One Response to “What is the Angular Gyrus?”

  1. Pamela Rigg says:

    The fact that the angular gyrus is proportionately much larger in hominids than other primates, and its strategic location at the crossroads of areas specialized for processing touch, hearing and vision, leads Ramachandran to believe that it is critical both to conceptual metaphors and to cross-modal abstractions more generally. However, recent research challenges this theory

    Research by Krish Sathian (Emory University) using functional magnetic resonance imaging (fMRI) suggests that the angular gyrus does not play a role in creating conceptual metaphors. Sathian theorizes that conceptual metaphors activate the texture-selective somatosensory cortex in the parietal operculum.[2] Sathian stated that “I don’t think that there’s only one area for metaphor processing…several recent lines of research indicate that engagement with abstract concepts is distributed around the brain.”[3] Vilayanur Ramachandran commented that“the authors have paved the way” to study how different brain regions communicate. “This is a very ingenious and elegant approach to the problem.”[4]
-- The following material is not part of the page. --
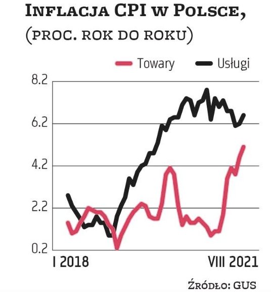 W sierpniu, podobnie jak przez cały czas od początku 2019 r., szybciej drożały usługi niż towary. Ceny tych pierwszych wzrosły o 6,6 proc. rok do roku, po 6,2 proc. w lipcu, podczas gdy tych drugich o 5,1 proc. rok do roku, po 4,6 proc. w lipcu. Mimo to to właśnie ceny towarów sprawiają, że inflacja przyśpiesza. Jeszcze na początku roku rosły one w tempie zaledwie 1 proc. rok do roku, podczas gdy usługi drożały nawet szybciej niż dziś, w tempie ponad 7 proc. rocznie.
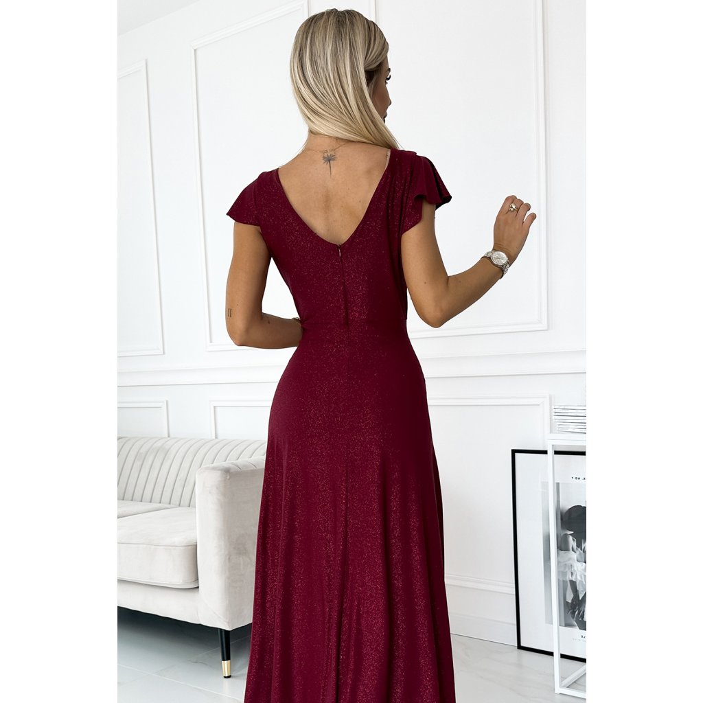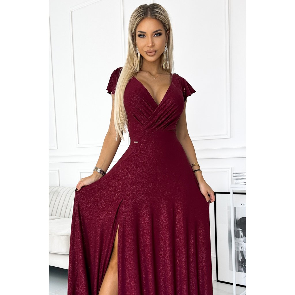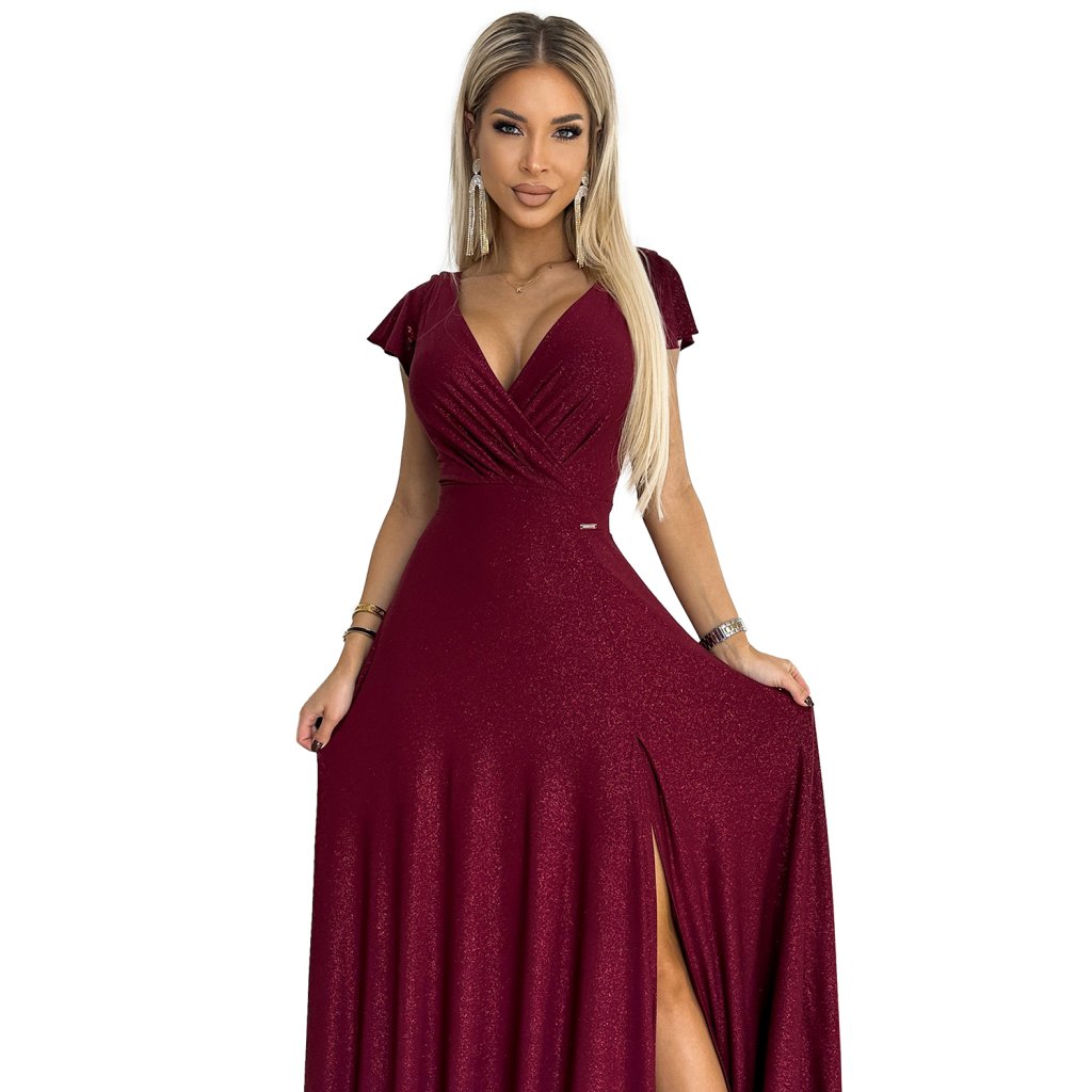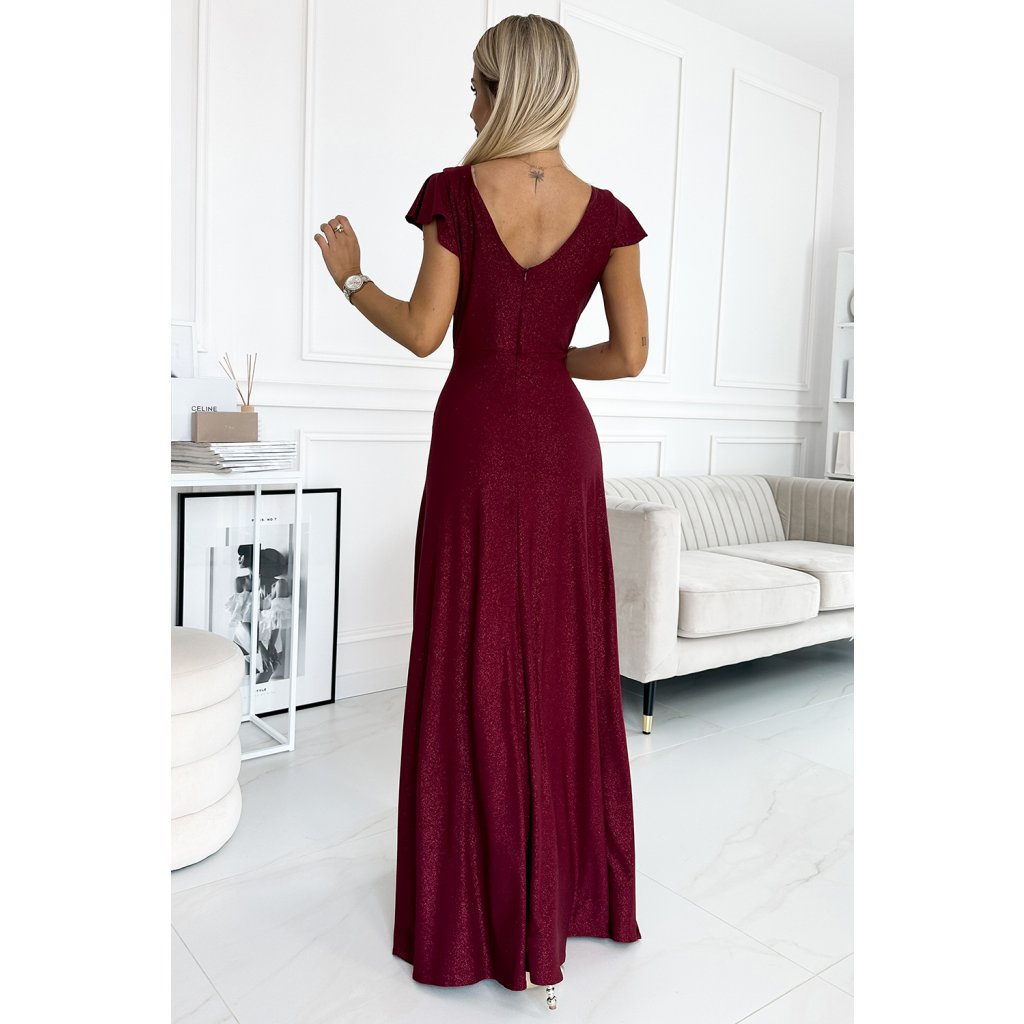 Numoco CRYSTAL třpytivé dlouhé šaty s výstřihem - Vínová barva 411-8

    In Montessori education for the child 3 – 6 years old (a lot of experiential learning there!) the AG is seen as coming to play in the interconnection of touch, hearing and vision as found in the “sandpaper letters” as the child feel, says the sound of the letter, and sees the letter simultaneously! The sandpaper letters, a century before fMRI, functioned to maximize the AG processing center of the brain!